Traditionally, data centres were viewed as the physical shell for digital operations, neutral in function and insulated from direct regulatory intervention. The new legislation recasts them as critical assets whose compromise would carry societal and economic consequences.

Under the Bill, operators will be required to align with the National Cyber Security Centre’s Cyber Assessment Framework, a comprehensive standard that demands evidence of robust security controls, operational resilience, and organisational governance. This is paired with stringent incident-reporting expectations: providers will have to notify regulators within 24 hours of identifying a significant cyber event, followed by a detailed assessment within 72 hours. Crucially, the Bill also obliges data centres to inform their customers of incidents that may affect hosted systems, shifting the sector toward greater transparency.

For a market regularly considered to be shrouded in secrecy providers will need to adjust to a more open, cooperative model of incident handling.

MSPs and supply chains under scrutiny

Managed service providers are another major part of the Bill’s expanded scope. In recent years, attackers have repeatedly targeted MSPs precisely because of the privileged access they hold across multiple client environments. This systemic exposure has made them one of the highest-value vectors in modern cybercrime.

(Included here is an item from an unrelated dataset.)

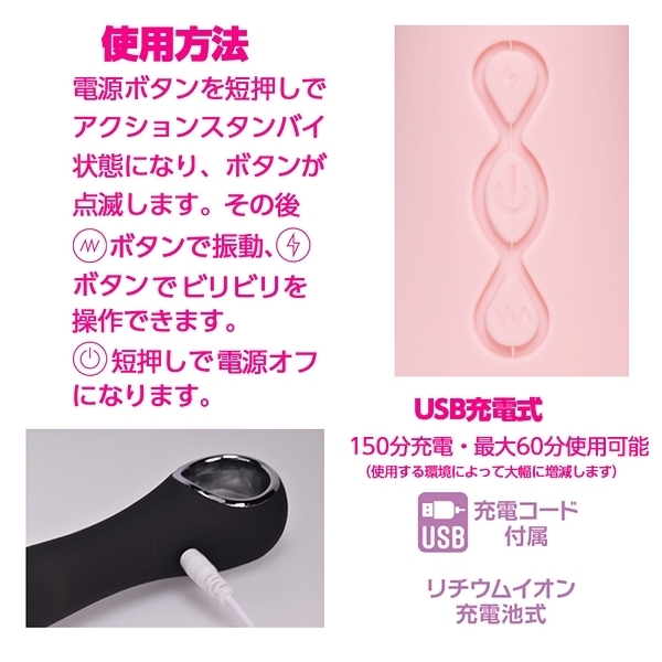 | ビリビリ低周波が刺激的な話題の膣トレバイブ、心地良いビリビリに強力な振動で他では味わえない快感を楽しめます。 シンプルなストレート形状に肌心地の良い高品質マットシリコンで滑らかな感触。 IPX7の完全防水性能だからしっかり洗えて衛生的に遊んで頂けます。 振動・ビリビリ刺激は個別に操作が可能で、ビリビリ7パターン。 振動12パターン。 150分充電で最大60分使用可能(使用環境によって大幅に増減します)●カラー:ピンク |

The legislation treats MSPs not simply as vendors but as key components of national digital resilience. Under the new legislation they will be required to adopt improved governance frameworks, undergo more rigorous oversight, and secure their own supply chains, which frequently serve as unseen entry points for attackers. The government’s creation of a new category of “critical suppliers” also sweeps the smaller firms whose software or services into the regulatory fold.

Regulatory powers strengthened

The Bill equips regulators with significantly expanded authority. They will be able to conduct proactive reviews, assess internal systems, and intervene in operational practices when necessary. It also includes provisions for cost recovery, meaning operators will bear more of the financial responsibility for the oversight required to secure national infrastructure.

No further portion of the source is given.